1. Men always have to go to the loo as soon as you dish out food.
2. Men always want to put ‘it’ in from behind when you are trying to sleep.
3. Once they get excited there is no going back.
Mother died when I was thirty-two, so I felt free to ask my Granny a few things.
This tack proved to be somewhat more rewarding.
I started the cross-questioning……………with the photographic evidence.
“Oh yes” she replied, “your father lived here with us for about a year, he was very polite, but I had to pay off a lot of his debts. He sold your mothers house you know, and all the things we had sent out for her. It took us ages to pack everything up and ship it to her. Even Joy sent some of her paintings…It all went………He was supposed to be going up to London, but he just disappeared in the end. Even the South African Police came looking for him. I had to send them away. It was all very trying”.
Then she went on…..”After he went away, I received a letter from his father begging us not to give up on him. He seemed a nice sort, an agricultural type. I think your father had a brother or something, I don’t quite remember any more. It really was a trying time; it upset all of us very much, especially your mother”
So when Gran died at the age of 104 having been preceded into heaven by her siblings as well as both daughters and her husband, I ended up sorting out her personal possessions. To be honest, it was more like sorting out for all of them. I had the remnants of eight lives to contend with and understandably the experience really got to me.
One of the main things to affect me was that I found a five-year diary that had been written in the 1950’s by my aunt Joy. This covered my mother’s move to Africa, my parents meeting and their engagement - to the disapproval of his parents – who were an American father and French mother - and the eventual marriage. The families mounting excitement at the lead up to my birth… and mothers visit, with me, to England when I was fourteen months old. Principally because she wanted to see my Grandpa who was very ill with yet another nervous breakdown!

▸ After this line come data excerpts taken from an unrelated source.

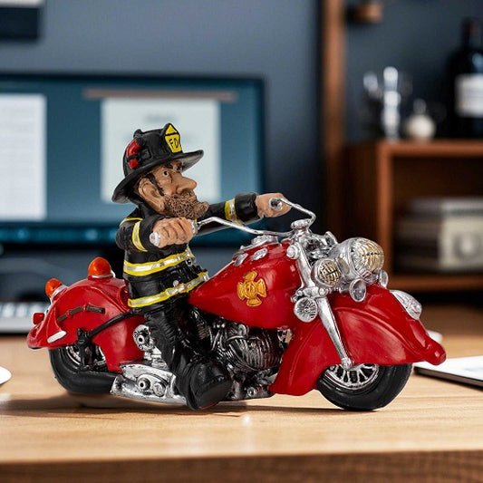 Funny FD Firefighter on Motorcycle Collection Figurine Home Decor Statie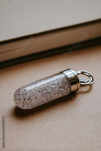 Naklejka premium Delicate silver capsule filled with shimmering particles rests gently on a...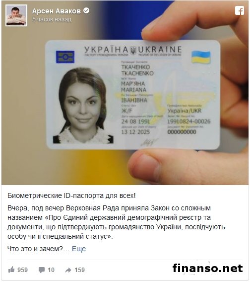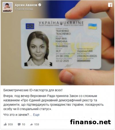 Глава МВД Арсен Аваков заявил, что первая ID-карта, которая будет выдаваться вместо паспорта, в соответствии с принятым накануне законом, будет бесплатной. Об этом министр написал на своей странице в соцсети «Фейсбук». Как удалось выяснить корреспондентам новостного интернет-портала «Украина сегодня: Finanso.net», по его словам, принятый парламентом закон приблизил нашу страну к безвизовому режиму с ЕС. А. Аваков подчеркнул, что, конечно, без принятия этого закона Украины безвизовый въезд наших граждан был бы невозможен в принципе. «Первая ID-карта для 14-летних будет оформляться бесплатно», – добавил он. Указанная система, рассказал министр, позволит в последующем должным образом формировать в стране Единый демографических реестр. Для идентификации личности вся информация в нем о выданных гражданину документах будет сведена в общую базу данных по обмену, оформлению, выдаче или признании недействительным и ликвидации документа, подтверждающего личность, регистрации места проживания или места нахождения. При этом, начиная с 14 лет, по желанию на чип внутреннего паспорта в цифровом виде будут записываться отпечатки пальцев, а при оформлении заграничного паспорта это будет делаться обязательно. Бесплатно будет записываться в паспорте цифровая подпись гражданина.Также на чип этого документа будет записываться цифровая подпись гражданина. Согласно закону, открытие ЕЦП будет бесплатным. В дальнейшем, как уточнил А. Аваков, чип можно будет дополнять различными современными сервисами. Например, это может быть возможность электронного голосования или же получение админуслуг в режиме онлайн. Руководитель МВД добавил также, что местные советы теперь получили право самостоятельно определять категорию граждан, освобождаемую от уплаты за оформление паспорта, в числе которых могут быть дети-сироты, участники АТО и др. С настоящего времени они могут компенсировать этим людям стоимость изготовления документа. За счет Единого реестра новые паспорта теперь защищены от подделки и несанкционированного использования. А. Аваков пояснил, что оформлять и выдавать внутренние и заграничные паспорта будут в Центре предоставления админуслуг, а также в отделениях миграционной службы, что уберет «коррупционную кормушку». Министр также отметил, что в обоих случаях миграционная служба станет бэк-офисом, и за ней останется отдаленное подтверждение информации в Едином реестре. |

Suddenly my two dimensional father became more of a reality. Suddenly, I found out, from the pages of Joy’s diary, that he had simply ‘followed’ my mother, traveling apparently on the same plane and arriving at my Gran’s house three days later…………. Why?

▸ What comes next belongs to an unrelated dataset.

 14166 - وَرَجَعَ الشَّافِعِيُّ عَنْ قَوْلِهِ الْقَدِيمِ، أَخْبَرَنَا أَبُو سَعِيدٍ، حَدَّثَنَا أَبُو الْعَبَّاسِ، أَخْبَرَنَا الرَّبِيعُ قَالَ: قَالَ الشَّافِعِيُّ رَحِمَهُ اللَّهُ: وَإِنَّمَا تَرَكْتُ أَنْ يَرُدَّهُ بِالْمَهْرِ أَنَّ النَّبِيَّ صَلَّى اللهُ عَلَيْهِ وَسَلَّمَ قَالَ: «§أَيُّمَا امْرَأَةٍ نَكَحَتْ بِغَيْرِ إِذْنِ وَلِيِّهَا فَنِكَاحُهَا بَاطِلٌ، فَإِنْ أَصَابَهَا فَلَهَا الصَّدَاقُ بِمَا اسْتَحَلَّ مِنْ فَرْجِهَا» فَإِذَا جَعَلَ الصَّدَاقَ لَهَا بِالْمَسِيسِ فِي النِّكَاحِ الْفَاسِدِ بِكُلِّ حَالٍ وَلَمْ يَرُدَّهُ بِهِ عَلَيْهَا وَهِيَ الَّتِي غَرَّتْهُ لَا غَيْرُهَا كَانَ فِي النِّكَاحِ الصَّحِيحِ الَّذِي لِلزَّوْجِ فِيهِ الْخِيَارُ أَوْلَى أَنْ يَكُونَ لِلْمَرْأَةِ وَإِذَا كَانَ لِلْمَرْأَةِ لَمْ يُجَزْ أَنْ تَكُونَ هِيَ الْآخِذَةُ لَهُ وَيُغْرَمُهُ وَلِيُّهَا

Joy writes of “enjoying ironing his shirts….the fun of a larger family”, of him being” jolly and easy to speak to”…of my mother “being withdrawn and secretive”.
Nothing really explained what was actually going on. Or what happened when the whole event went pear-shaped.
A family friend (who I remember mostly for sending beautiful Easter eggs to me in Yorkshire, the boxes of which I kept my cars and Lego bricks in for years and years) later let me into another startling revelation:
“Of course you know that you were hidden up there (Yorkshire) and only two people outside the immediate family knew where you were…don’t you!”
NO I didn’t! Was there actually abuse? Did he try to kidnap me?
Well, that did it! I decided that I would try to look for his family…………..the Salvation Army had a go too. No chance, there was just not enough information!
Does my father still exist I wonder, even in anyone else’s memory?
Do I have any other relatives bearing his name in Africa, America or anywhere?
Or will my Father simply remain a two-dimensional face that peers out of that photo – mirrored by my own as I grow to look more and more like him.
Wherever he is and whoever he was; he left his mark, on me – a memory of him through my cells - albeit rather enigmatic, I am, never the less, in part, his genetic monument!